RAW DATA section start

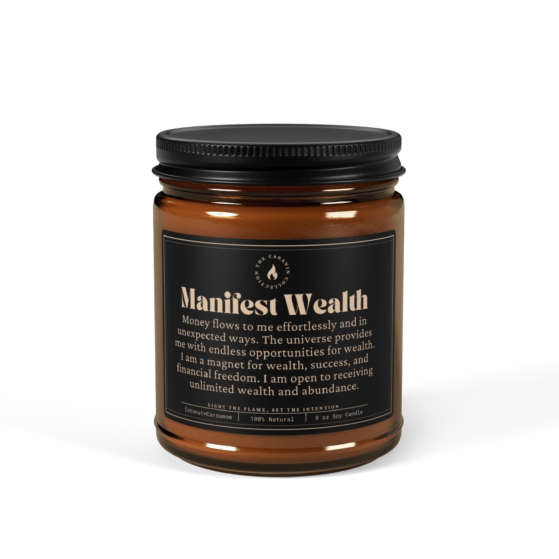 Manifest Wealth Scented Soy Candle - Abundance and Prosperity Affirmation - Amber Jar - Coconut Cream & Cardamom
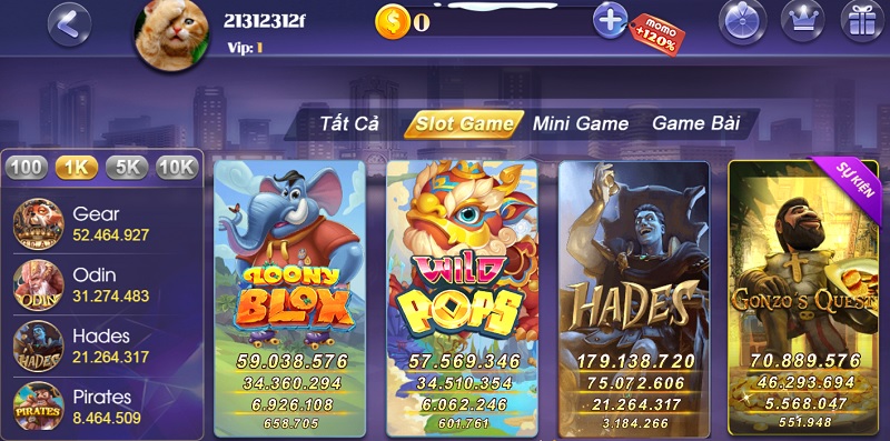 - Các sản phẩm slot game: Đây là các trò chơi quay hũ với tỷ lệ trúng thưởng cực cao. Người chơi có thể trải nghiệm liên tục mà không chán. Trong đó các trò chơi được nhiều người lựa chọn: Poony Blox, Hades, Odin, Aztec…
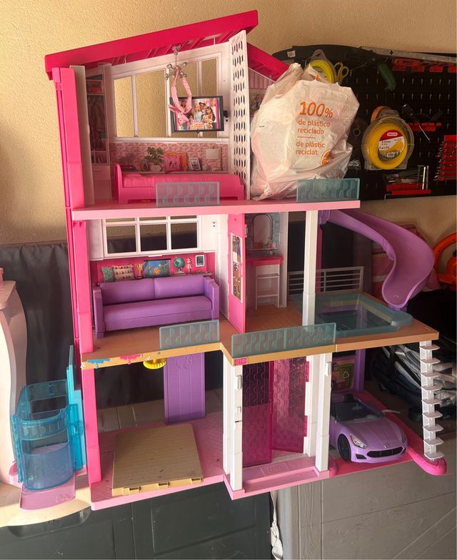 Dettagli del prodottoIn vendita casa di Barbie a più piani con accessori. - Include un'auto viola. - Dispone di scivolo e piscina. - Più stanze e dettagli. La descrizione è stata tradotta automaticamente.
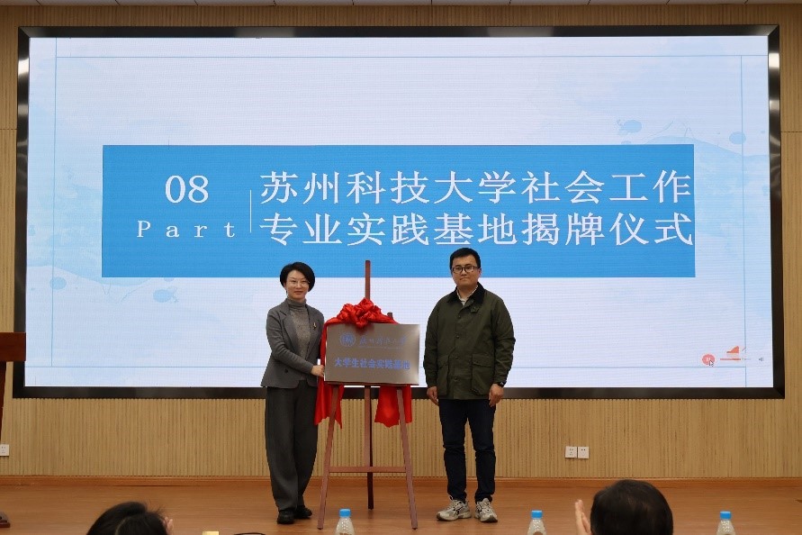 唐利平代表社工专业致辞,她指出社会工作是一项极具使命感的事业,需将专业知识与奉献精神紧密融合,鼓励全体会员珍惜实践机会,积极参与社会服务。校社工协会负责人张净耀作协会年度工作报告,展示了协会一年以来的工作成果。吴中区心行阳光公益服务中心负责人李岚受聘为协会行业导师,并分享了作为一名农村社会工作的实务经验与心路历程。协会与苏州市乐仁乐助公益发展与评估中心签订共建“大学生社会实践基地”协议,孟庆艳与苏州市乐仁乐助公益发展与评估中心总干事万飞共同为实践基地揭牌。
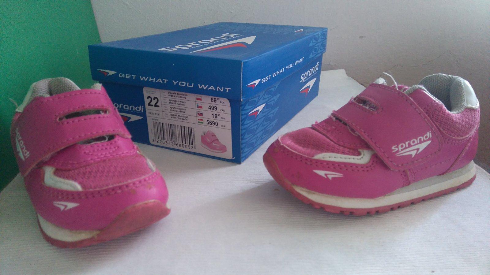 predám dievčenské tenisky, nosené iba mojou dcérou, veľ. 22, vnútorná dĺžka 14cm, majú fliačiky vpredu na ružovej časti pri nosení nie je vidieť, a pravá topánočka ma zošuchané (0,5cm) miesto vpre...

RAW DATA section end

▸ WHAT YOU NEED TO DO
Exact copies of the lines from the one containing "Dettagli del prodottoIn" through the end of the records above are required, with no pictures among them.

▸ ANSWER TO THE EXERCISE
 Dettagli del prodottoIn vendita casa di Barbie a più piani con accessori. - Include un'auto viola. - Dispone di scivolo e piscina. - Più stanze e dettagli. La descrizione è stata tradotta automaticamente.
 唐利平代表社工专业致辞,她指出社会工作是一项极具使命感的事业,需将专业知识与奉献精神紧密融合,鼓励全体会员珍惜实践机会,积极参与社会服务。校社工协会负责人张净耀作协会年度工作报告,展示了协会一年以来的工作成果。吴中区心行阳光公益服务中心负责人李岚受聘为协会行业导师,并分享了作为一名农村社会工作的实务经验与心路历程。协会与苏州市乐仁乐助公益发展与评估中心签订共建“大学生社会实践基地”协议,孟庆艳与苏州市乐仁乐助公益发展与评估中心总干事万飞共同为实践基地揭牌。
 predám dievčenské tenisky, nosené iba mojou dcérou, veľ. 22, vnútorná dĺžka 14cm, majú fliačiky vpredu na ružovej časti pri nosení nie je vidieť, a pravá topánočka ma zošuchané (0,5cm) miesto vpre...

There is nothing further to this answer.